Singular Insularity

Dans l’univers des musiciens il y a ceux qui aiment la vitesse, ceux dont la dextérité avec leur instrument les amène à être des équilibristes sur un train lancé à toute vitesse, ce sont les adorateurs de Charlie Parker et des phrases intriquées et rapides du bebop. Mais dans cet univers il y a aussi les « mélodistes », ceux qui sont plutôt héritiers de l’école de Bill Evans et dont la démarche est basée sur la construction, avec leurs instruments, de phrases comme s’il s’agissait de leur propre voix.

Pour moi, l’harmoniciste Olivier Ker Ourio fait partie de ce deuxième groupe. En effet, dans chaque album de ce musicien de jazz réunionnais, les morceaux semblent nous raconter une histoire, une histoire lisible sur chaque thème introductif et sur chaque solo.
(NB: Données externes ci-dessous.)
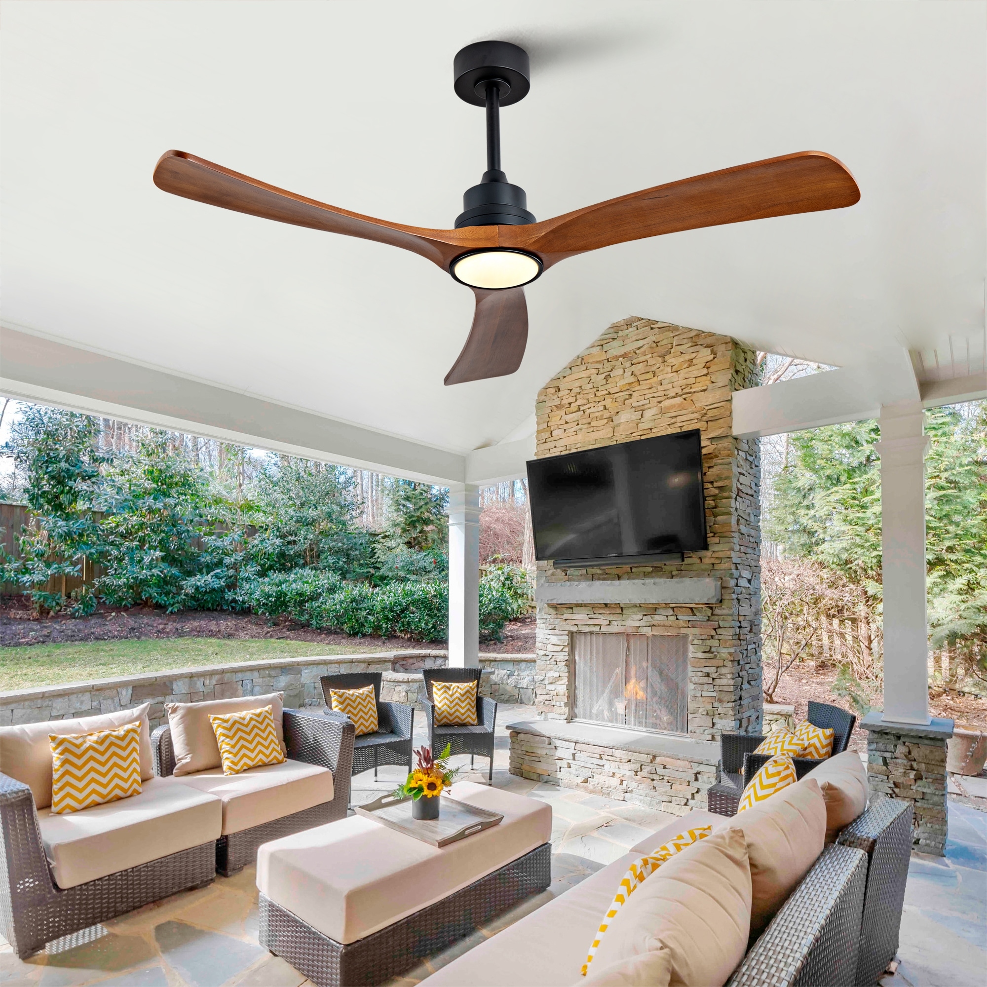 42" Wood Dark Walnut Ceiling Fan with Lights Remote Control

Son dernier album « Singular insularity » réunit un groupe de musiciens originaires des îles qui partagent un héritage culturel africain :  Grégory Privat de Martinique au piano et au fender rhodes, Arnaud Dolmen de Guadeloupe à la batterie, le génial Inor Sotolongo de Cuba aux percussions, Gino Chantoisseau de l’Île Maurice à la basse, et comme invités sur certains morceaux de l’album, les réunionnais Bastien Picot, chanteur et Christophe Zoogonèsà la flûte.

Le résultat produit un album qui est, en soi, une décharge puissante de rythmes couronnés de mélodies captivantes et de solos virtuoses, instaurant un dialogue musical entre les cultures créoles de tous ces musiciens.

L’album, qui est composé entièrement de thèmes originaux de Ker Ourio, débute en force avec la puissance des percussions du morceau Kassassa.  Les autres morceaux qui composent l’album vont nous transporter vers d’autres univers, tout en conservant une complexité et une richesse rythmique sans pourtant devenir difficile à écouter. Au contraire, la succession de mélodies agréables, solos très bien construits par l’harmonica, le piano, le fender rodes, ou la flûte, et les thèmes chantés en créole confère à l’album une sensation de voyage. Un voyage avec diverses ambiances et contrées qui va nous accompagner tout au long du disque, avec l’énorme plaisir de savourer chaque épice, chaque saveur de cette musique. A souligner, le thème qui donne son nom à l’album, Singular insuarity, où Ker Ourio crée des tensions avec le vibrato de l’harmonica ou avec des effets (ou les deux en même temps), avant de laisser la place à un solo magnifique de Grégory Privat, sans oublier le génial morceau Ti Bird avec un excellent solo d’harmonica.

Pour les amateurs de disques et les collectionneurs : la pochette est belle avec en prime à l’intérieur les paroles des chansons en créole avec leur traduction française.